“Where did the things come from?” Roszt asked.

Egarn described the Old Med’s experiment with the porkley and its astonishing result.

“Were you the man?” Kaynor asked.

Egarn changed the subject. “The Old Med made many discoveries. It was he who invented the weapon. Then—when we understood a little about what it would do—he destroyed it. He said, ‘This is far too dangerous for anyone to know about, even us.’ He was far wiser than I.”

Roszt’s mind was still fixed on the disappearances and appearances. “But where did you come from?”

“It took us many sikes to find out,” Egarn said with a wistful smile. “We worked on it together, experiment after experiment. Each of us knew half the answer, but there was no way either of us could explain his half so the other could understand. We experimented, and we searched through book after book of the Old Med’s collection. Finally the combination of my past and his present gave us the answer.”

“Gave you—what answer?” Kaynor asked blankly.

“I had traveled through time. That meant—”

He broke off. There was so little chance of their understanding him that he might as well have been talking to himself.

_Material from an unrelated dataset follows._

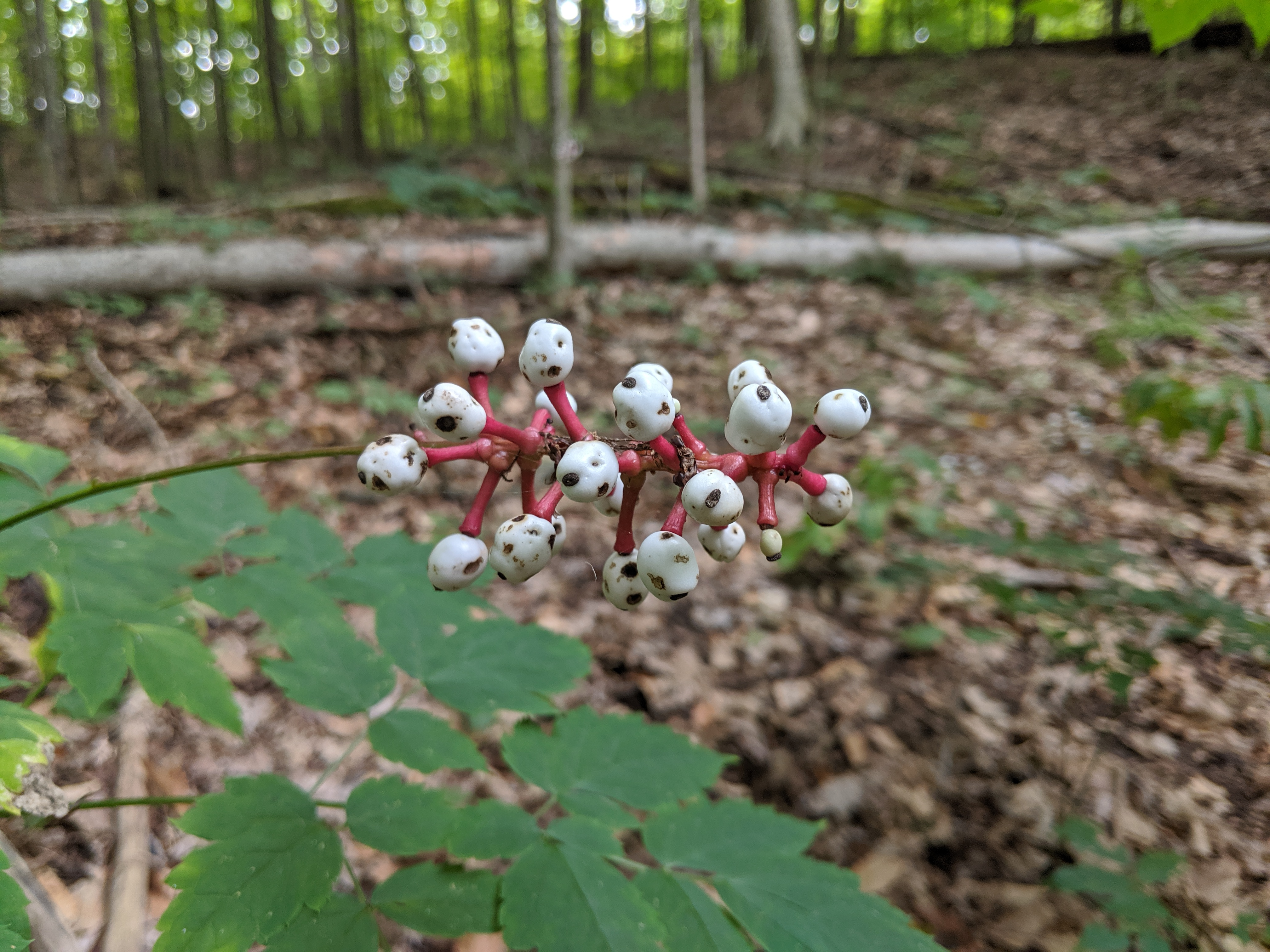 Glen Major trail in East Duffins Headwaters

“Too bad you didn’t bring the Old Med’s machine with you when you escaped,” Roszt said. “You could have sent the four of us to Easlon without the trek across the mountains.”

“Could you have done that?” Kaynor asked.

“Yes. With time to experiment, I suppose I could have.”

“Could you send scouts into Lant from here and bring them back when they are ready to come? That would save tenites of weary travel each trip.”

“If he could send a few scouts, he could send an army,” Roszt observed. “That would give the Peer of Lant something to think about—an army that appeared out of nowhere, attacked her in the rear, and then vanished. It might even convince her to keep her own armies at home. What else can this machine do?”

“It can save humanity,” Egarn said.

“That’s what you were telling Bernal. How could it save humanity?”

Egarn looked at them uncertainly across the dying campfire. Their ugly faces were weathered like ancient rocks that had been exposed to the elements for eons, and their lank bodies were preposterously thin despite their hearty appetites. Their rough, leather clothing was worn and soiled from their long days and nights of travel. They seemed like the most unlikely audience possible for speculation about time travel, but Egarn had had no one to talk with for sikes—not since the Old Med died.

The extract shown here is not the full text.